Linear regression is the first type of machine learning model that we will build in the this course.
This tutorial serves as a brief introduction to the theory behind linear regression in Python. We'll learn how to code a Python linear regression algorithm later in this course.
You can skip to a specific section of this Python machine learning tutorial using the table of contents below:
Linear regression was created in the 1800s by Francis Galton.
Galton was a scientist studying the relationship between parents and children. More specifically, Galton was investigating the relationship between the heights of fathers and the heights of their sons.
Galton's first discovery was that sons tended to be roughly as tall as their fathers. This is not surprising.
Later on, Galton discovered something much more interesting. The son's height tended to be closer to the overall average height of all people.
Galton gave this phenomenon a name: regression. Specifically, he said "A father's son's height tends to regress (or drift towards) the mean (average) height".

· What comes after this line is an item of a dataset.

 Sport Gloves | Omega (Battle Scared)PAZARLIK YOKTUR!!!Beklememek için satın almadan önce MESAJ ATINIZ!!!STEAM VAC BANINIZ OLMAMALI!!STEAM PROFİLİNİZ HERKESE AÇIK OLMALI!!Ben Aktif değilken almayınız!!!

This led to an entire field in statistics called regression. We will learn about the fundamental underpinnings of regression in the next section of this lesson.

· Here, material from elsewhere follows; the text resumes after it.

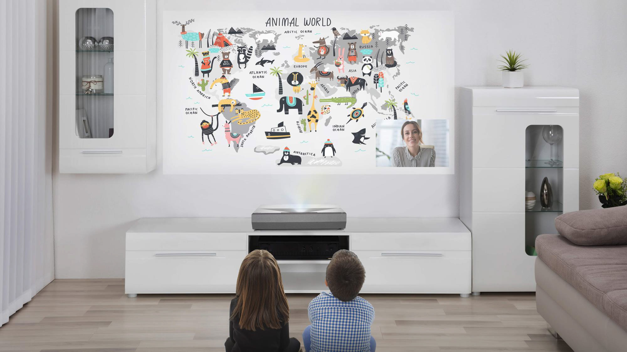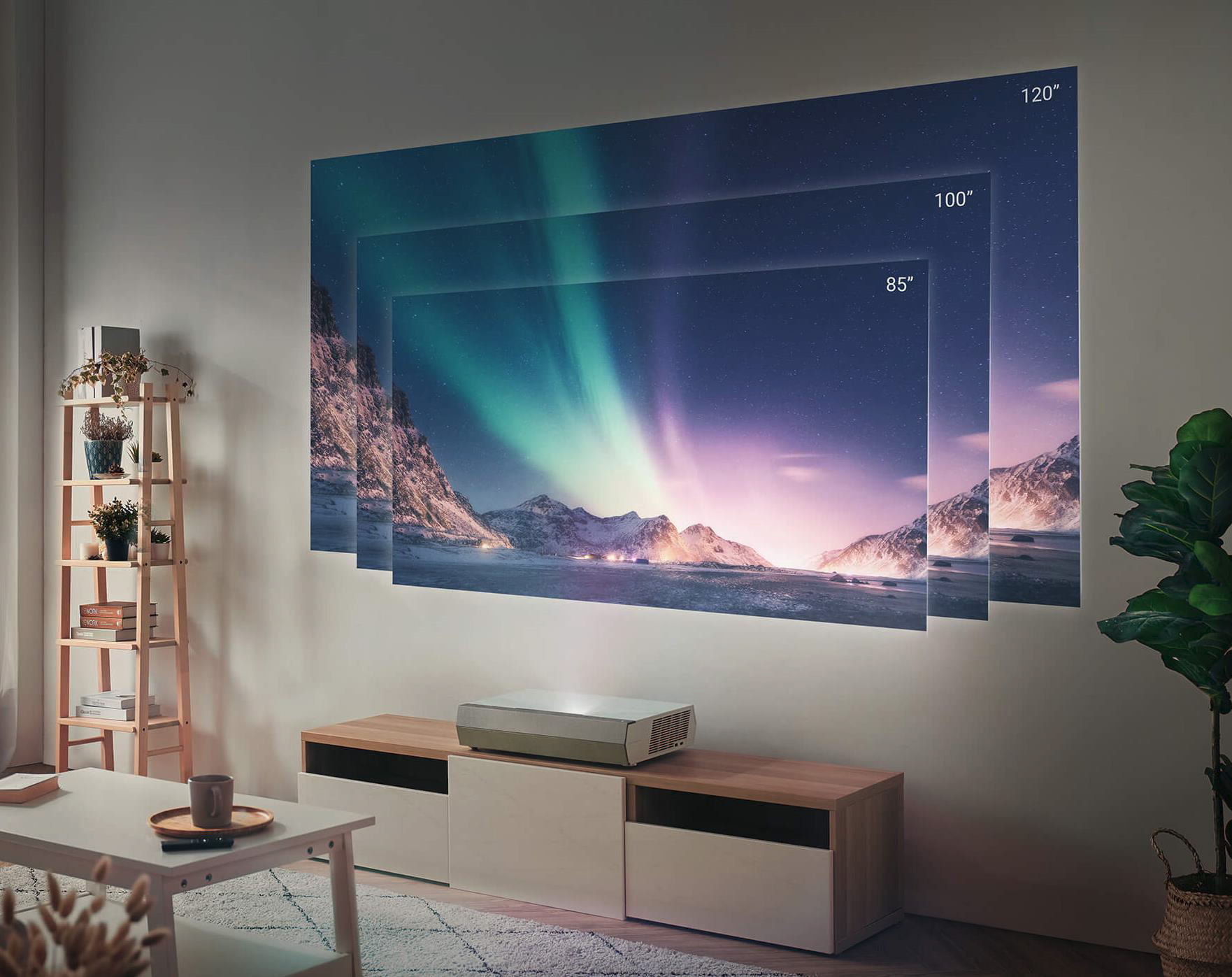 ウルトラショートスローテクノロジーにより壁際に置くだけの簡単設置で、従来のテレビ画面よりも大きく楽しむことができます。

When creating a regression model, all that we are trying to do is draw a line that is closest to each point in a data set.
The typical example of this is the "least squares method" of linear regression, which only calculates the closeness of a line in the up-and-down direction.
Here is an example to help illustrate this:
When you create a regression model, your end product is an equation that you can use to predict the y-value of an x-value, without actually knowing the y-value in advance.
This tutorial provided you with your first introduction to linear regression in Python. While this lesson was brief and did not actually contain any code, we'll dig deeper by learning how to code linear regression models in the next section of this course.